October 20, 2009, 1:03 p.m. EDT 8 Min Read

Business intelligence software has evolved to fit an environment dominated by relational databases. This mostly meant overcoming the inherent inefficiencies of executing analytical queries against normalized data models, typically by reorganizing the data into star schemas, cubes, indexes or other specialized structures. Sometimes the restructured data itself resides in a relational database, and sometimes it doesn't.

Because so many enterprises have invested heavily in these BI applications, new database products must be compatible with them. But products built specifically for analytical use (ParAccel, Vertica, Netezza, Sybase IQ, etc.) often don't face the constraints that the BI applications were designed to overcome. If you attach one of those engines to standard BI software, you get better performance but are not taking full advantage of the technology.

So let's imagine a BI system designed with analytical databases in mind. Probably the most important feature of these databases is that they are relatively insensitive to data structure. (Caveat: Each product is different; some are more sensitive to structure than others.) In many cases, the system can efficiently execute queries against data in its original table structure, without the denormalization, indexing and aggregation used by conventional BI tools. This offers tremendous savings in time and effort, since much of the work in conventional BI systems is designing and populating these alternative structures. What's worse, at least from an end-user viewpoint, is that this restructuring must be done by technical specialists. Any project must go through a time-consuming cycle of specification, development, review and modification as users struggle to understand their needs and the technicians struggle to understand the users.

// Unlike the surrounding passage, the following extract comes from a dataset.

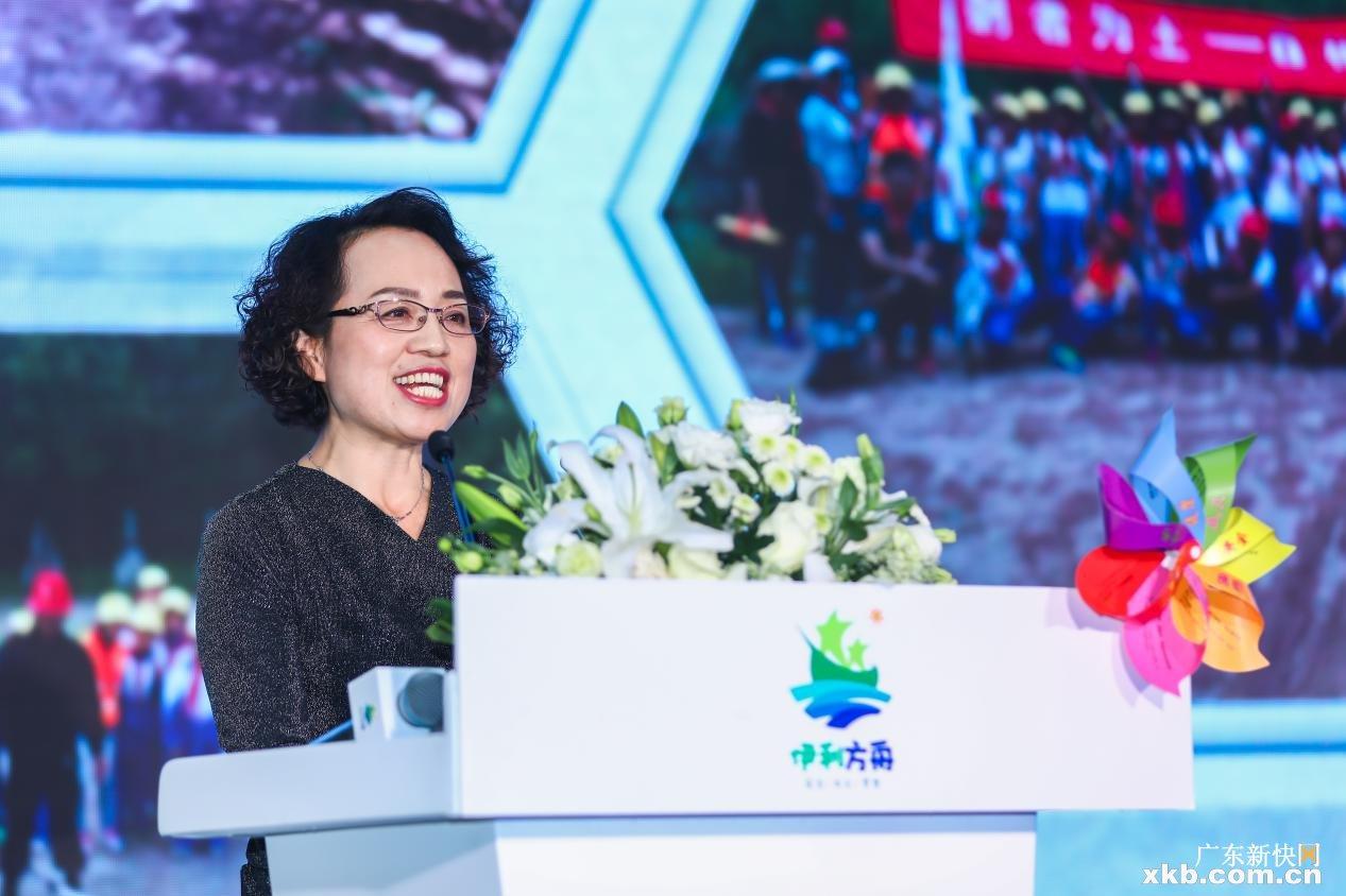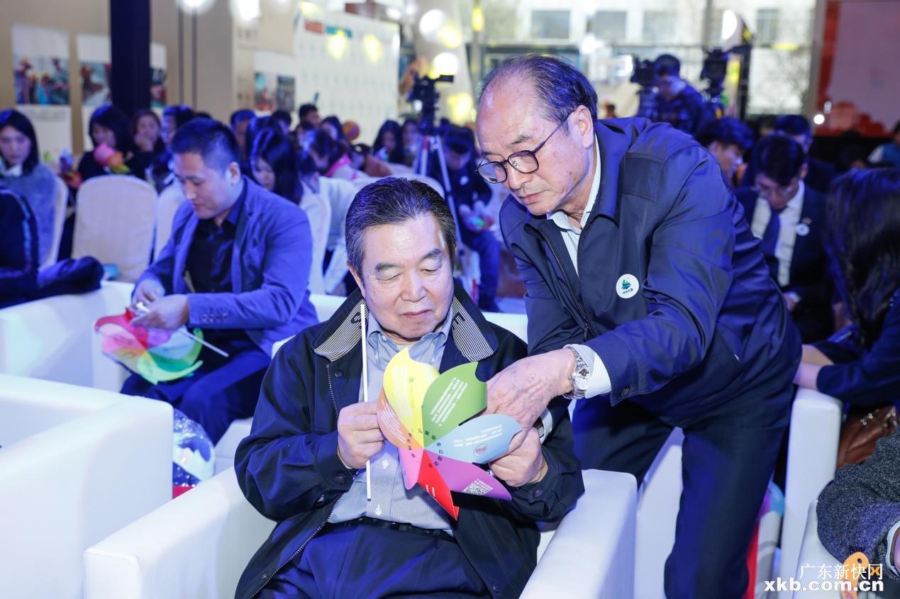 图:内蒙古伊利公益基金会理事陈力华(左)参与“伊利方舟七彩帆”互动环节

But just because the analytical systems can query complex data structures doesn't mean that end users can understand those structures. Only a sadist would copy hundreds of database tables from an enterprise system and ask an end user to query them directly. To take advantage, a BI system needs a metadata layer to present the underlying tables in a way that makes sense to nonspecialists. Indeed, one of the best reasons to retain existing BI software is that at least some of the products already contain extensive facilities to decouple the underlying physical data structure from the structures that are presented to users. To the extent that existing BI systems are not dependent on particular physical structures, they can provide excellent models for features that make end users more productive.

Adding Databases

One area where existing BI systems won't provide much help is allowing end users to connect to new data sources. In the current systems, this is a task for technicians, so the interfaces are designed with technical users in mind. But a major advantage of the new databases is how easily they can integrate new data with existing tables. A BI system designed to take advantage of this would allow end users to do it for themselves. This implies easy features to physically load the data, explore it, define relationships between tables and set rules for how key values are matched.

Data exploration is a particularly important opportunity, because the analytical databases let end users examine the new inputs immediately. This means users can quickly judge the data in each field, uncovering good and bad surprises that might otherwise remain hidden until weeks of technical effort had been invested. A BI interface has to support this by providing appropriate data profiling and analysis tools. It must also support the next step, relationship definition, by making it simple to define trial matches between different tables and see how closely they correspond.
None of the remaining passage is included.